WHAT IS REQUIRED. Beginning with the line containing "Boots are the" and going on through the line containing "मुख्यमंत्री विष्णु देव", the lines below are to be returned exactly, pictures excluded and nothing added.

Data excerpts:
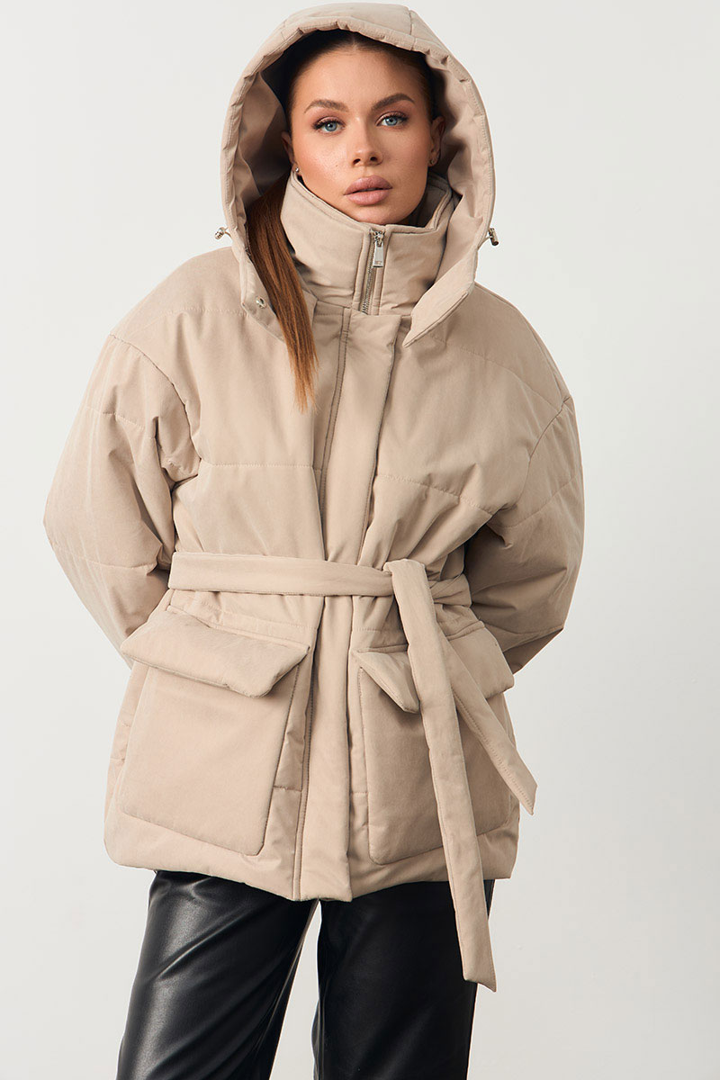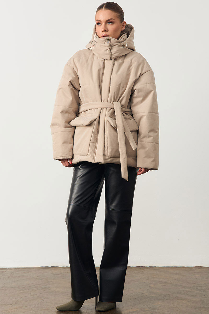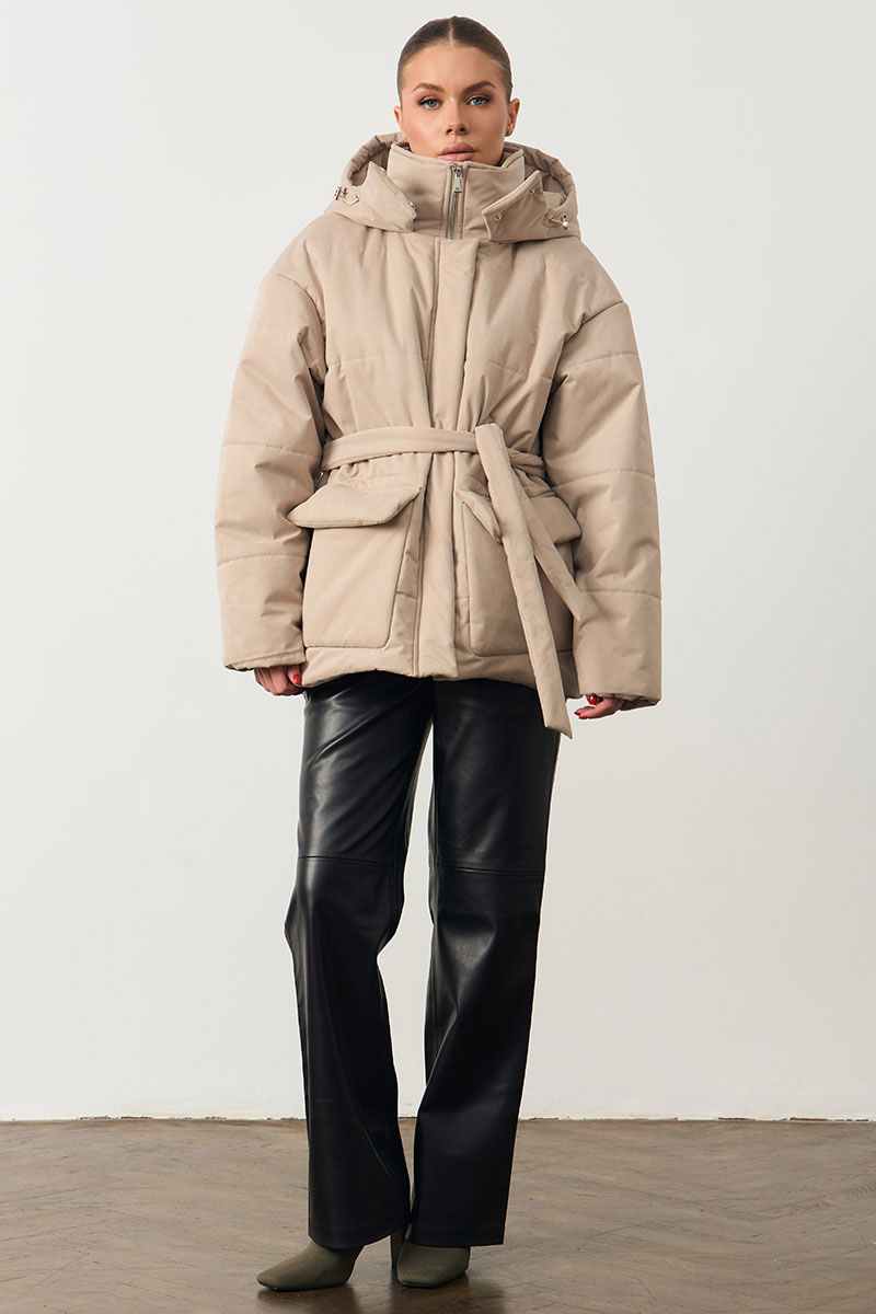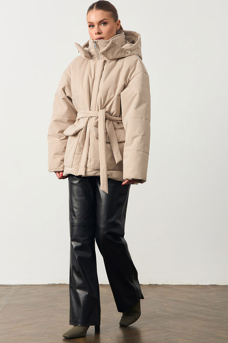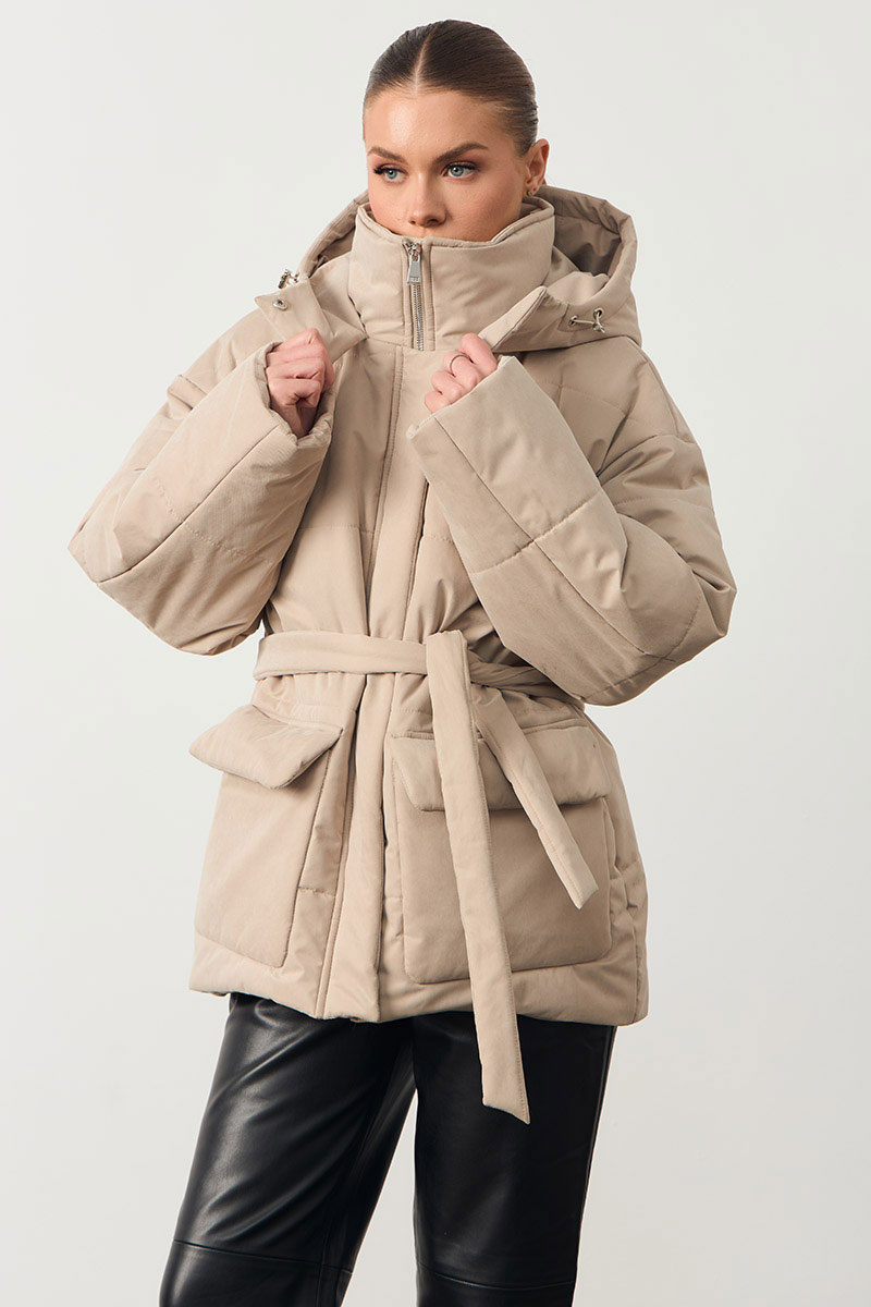 Женская осенняя куртка с капюшоном. Модель выполнена из водоотталкивающего материала. Изделие с утеплителем. Застежка тесьма-молния с планкой на кнопках. Капюшон съёмный. По переду изделия накладные карманы.
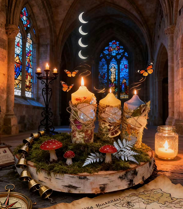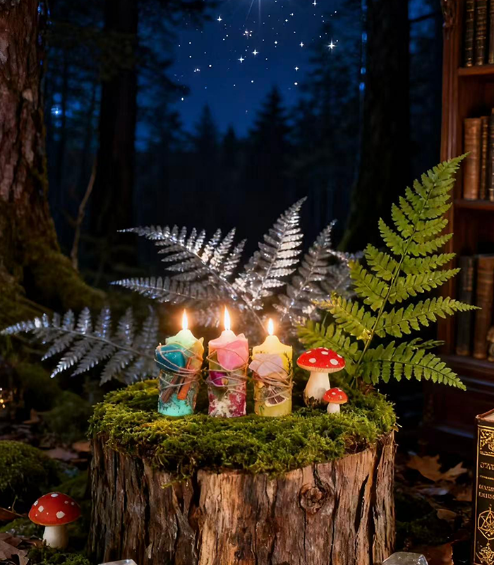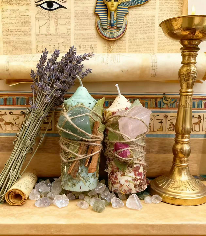 Pocket-sized guardians wrapped in herbs and raw crystals—each flame feels like a tiny spirit saying, “I’ve got your back today
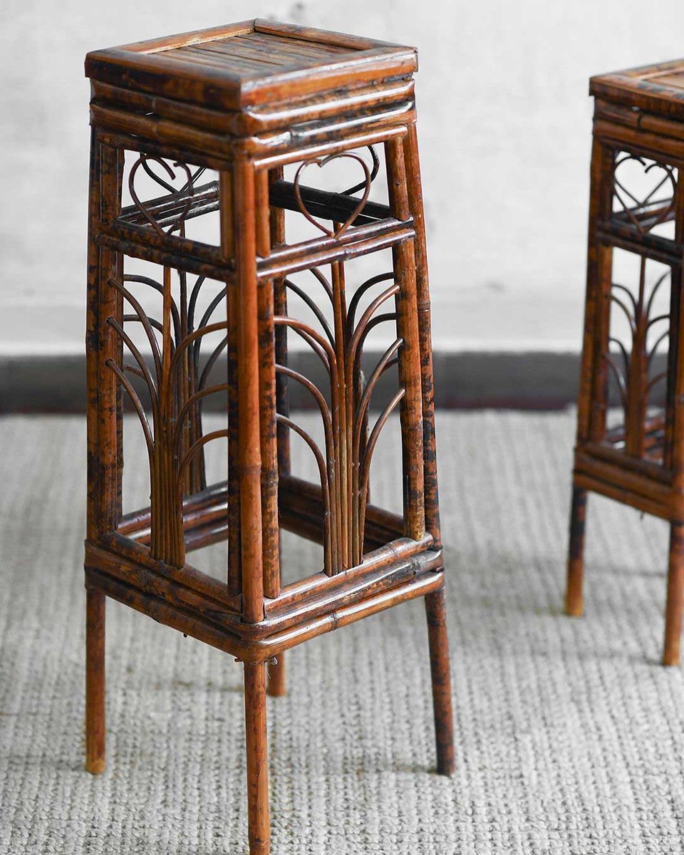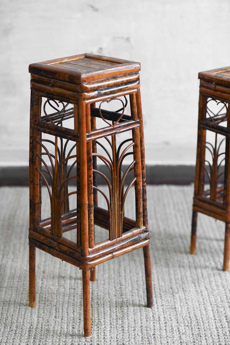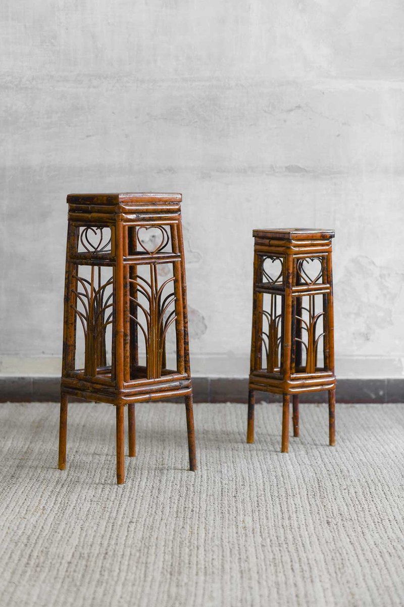 Dark Wicker Plant Stands, Set of 2
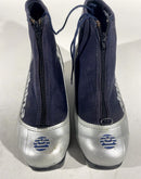 Boots are the most obviously distinctive family of nordic ski boots. They have a 75mm wide "duck bill" at the front of the boot, with three holes on the bottom of the bill that line up with the pins on their appropriate binding.
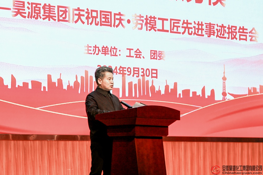 值此国庆佳节之际,为弘扬劳模工匠精神,树立先进典范,激发员工工作热情和创新精神,9月30日,昊源公司在研发中心一楼报告厅隆重召开庆祝国庆•劳模工匠先进事迹报告会。公司党委书记、董事长凡殿才出席报告会并致辞,公司常务副总经理高明林等领导出席报告会,各单位员工代表参加会议。
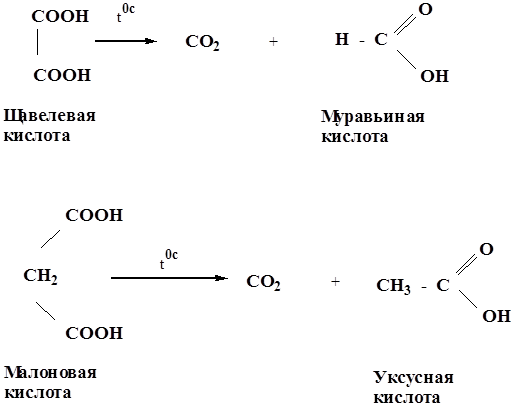 1)Реакции декарбоксилирования карбоновых кислот – энергетически выгодный процесс, т.к. в результате образуется устойчивая молекула СО2. Декарбоксилирование характерно для кислот у которых в ά-положении имеется электроноакцепторный заместитель. Легче всего декарбоксилируются двухосновные кислоты.
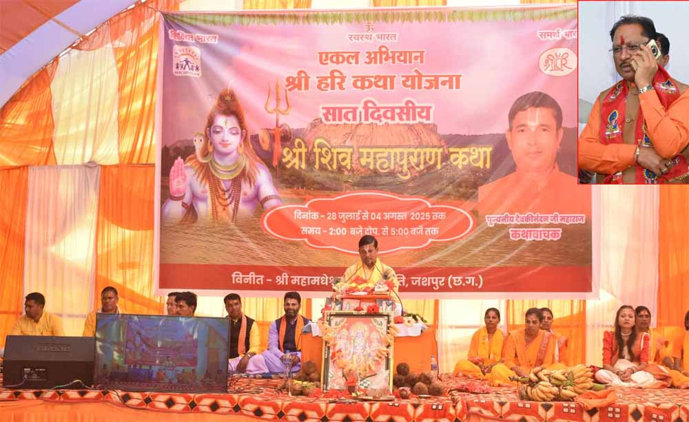 मुख्यमंत्री विष्णु देव साय ने पवित्र श्रावण मास के चौथे सोमवार के शुभ अवसर पर रायपुर स्थित मुख्यमंत्री निवास कार्यालय से जशपुर जिले के कुनकुरी विकासखंड अंतर्गत मयाली में विश्व के सबसे बड़े प्राकृतिक शिवलिंग मधेश्वर पहाड़ के समीप आयोजित दिव्य शिव महापुराण कथा के समापन समारोह को ऑनलाइन माध्यम से संबोधित किया।
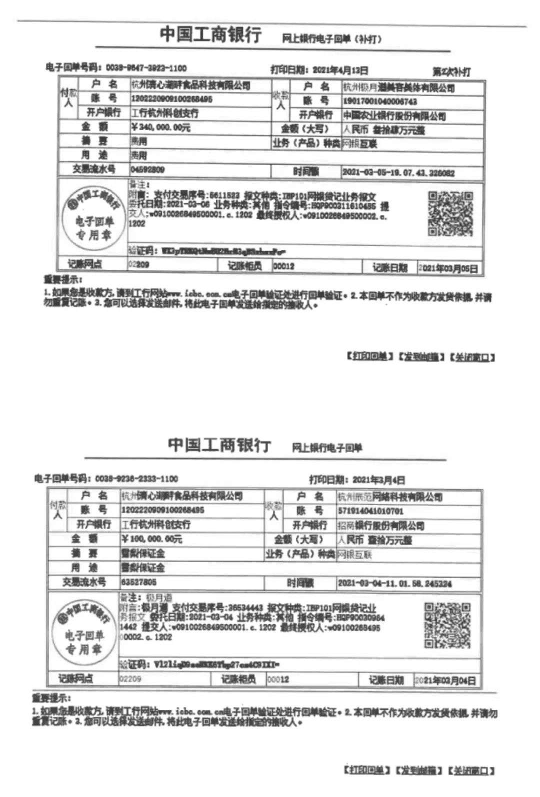 易子涵介绍,由于雪梨是头部主播,签合同时,品牌方对合同没有任何修改的权利,并且一概是先付款后执行。基于对雪梨和宸帆的信任,开播之前,品牌就把一半的定金分别打入了中介机构及宸帆的账户,合计44万元(包括10万元保证金)。
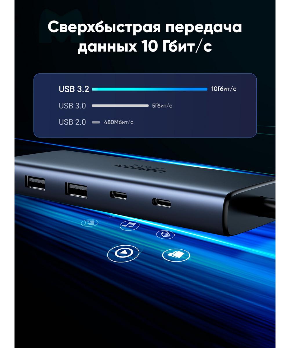 Хаб UGREEN 45379 7-в-1 — это мощная и универсальная док-станция, которая значительно расширяет возможности вашего ноутбука с USB-C, предоставляя все необходимые порты для продуктивной работы и развлечений.
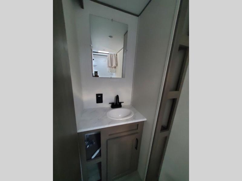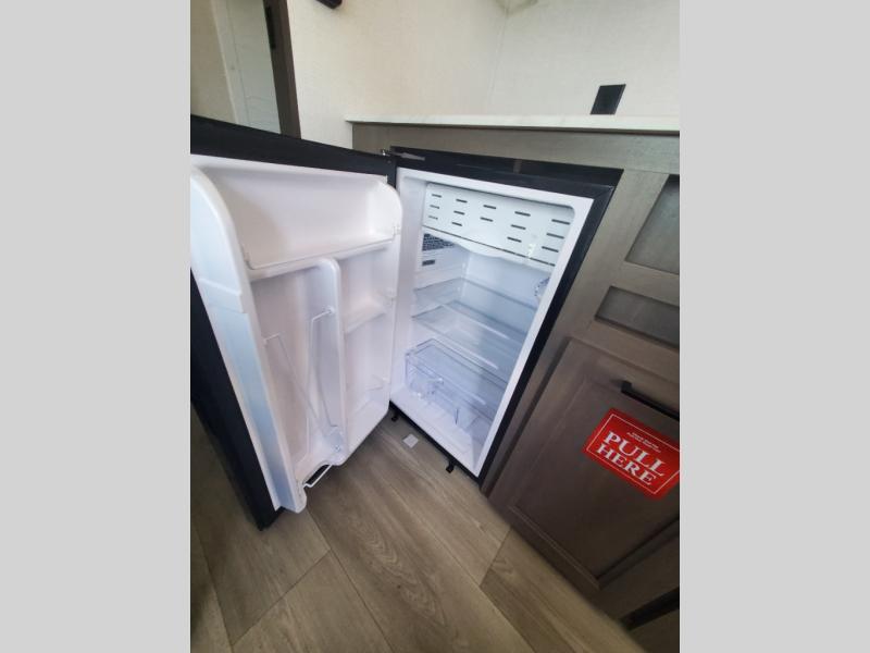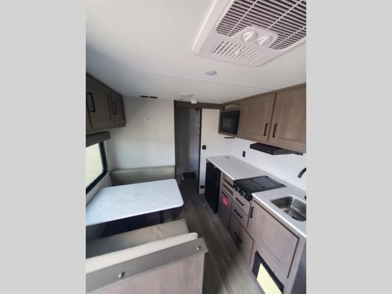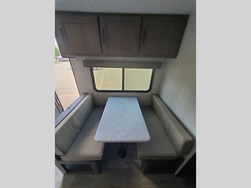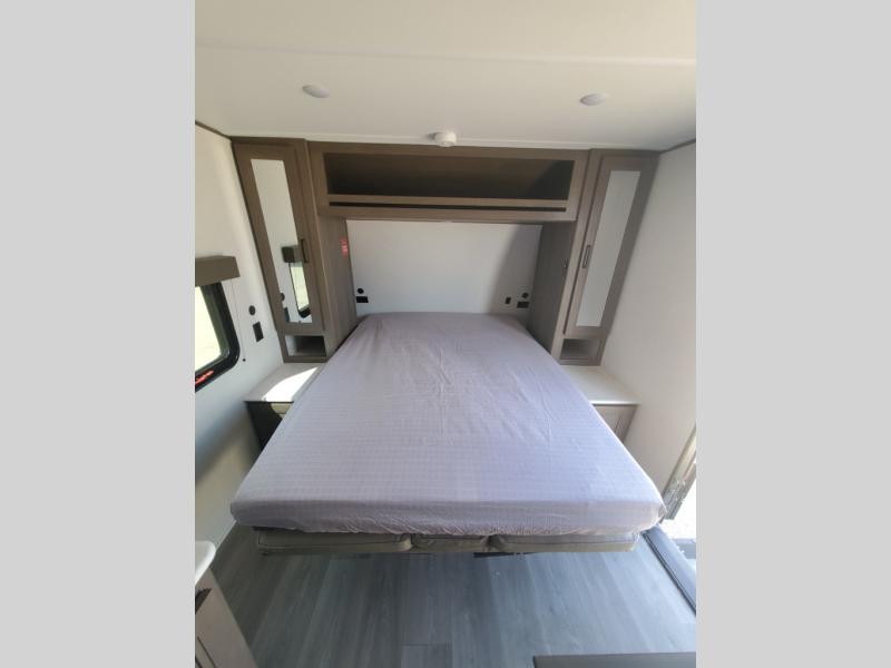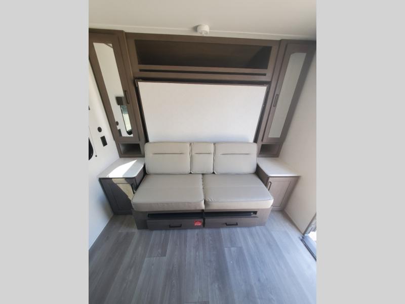 This is the perfect couple's trailer with versatile seating and sleeping space! You'll find a queen-size Murphy bed up front with storage space beside and above plus a full rear bath for added privacy. Once you've made lunch in the full kitchen, you can dine at the booth dinette, or take your plate outdoors to sit under the 10' power awning. You'll also find an unobstructed pass-thru storage outside that will be perfect for fishing poles, lawn chairs, tools and more!

TASK RESULT.
 Boots are the most obviously distinctive family of nordic ski boots. They have a 75mm wide "duck bill" at the front of the boot, with three holes on the bottom of the bill that line up with the pins on their appropriate binding.
 值此国庆佳节之际,为弘扬劳模工匠精神,树立先进典范,激发员工工作热情和创新精神,9月30日,昊源公司在研发中心一楼报告厅隆重召开庆祝国庆•劳模工匠先进事迹报告会。公司党委书记、董事长凡殿才出席报告会并致辞,公司常务副总经理高明林等领导出席报告会,各单位员工代表参加会议。
 1)Реакции декарбоксилирования карбоновых кислот – энергетически выгодный процесс, т.к. в результате образуется устойчивая молекула СО2. Декарбоксилирование характерно для кислот у которых в ά-положении имеется электроноакцепторный заместитель. Легче всего декарбоксилируются двухосновные кислоты.
 मुख्यमंत्री विष्णु देव साय ने पवित्र श्रावण मास के चौथे सोमवार के शुभ अवसर पर रायपुर स्थित मुख्यमंत्री निवास कार्यालय से जशपुर जिले के कुनकुरी विकासखंड अंतर्गत मयाली में विश्व के सबसे बड़े प्राकृतिक शिवलिंग मधेश्वर पहाड़ के समीप आयोजित दिव्य शिव महापुराण कथा के समापन समारोह को ऑनलाइन माध्यम से संबोधित किया।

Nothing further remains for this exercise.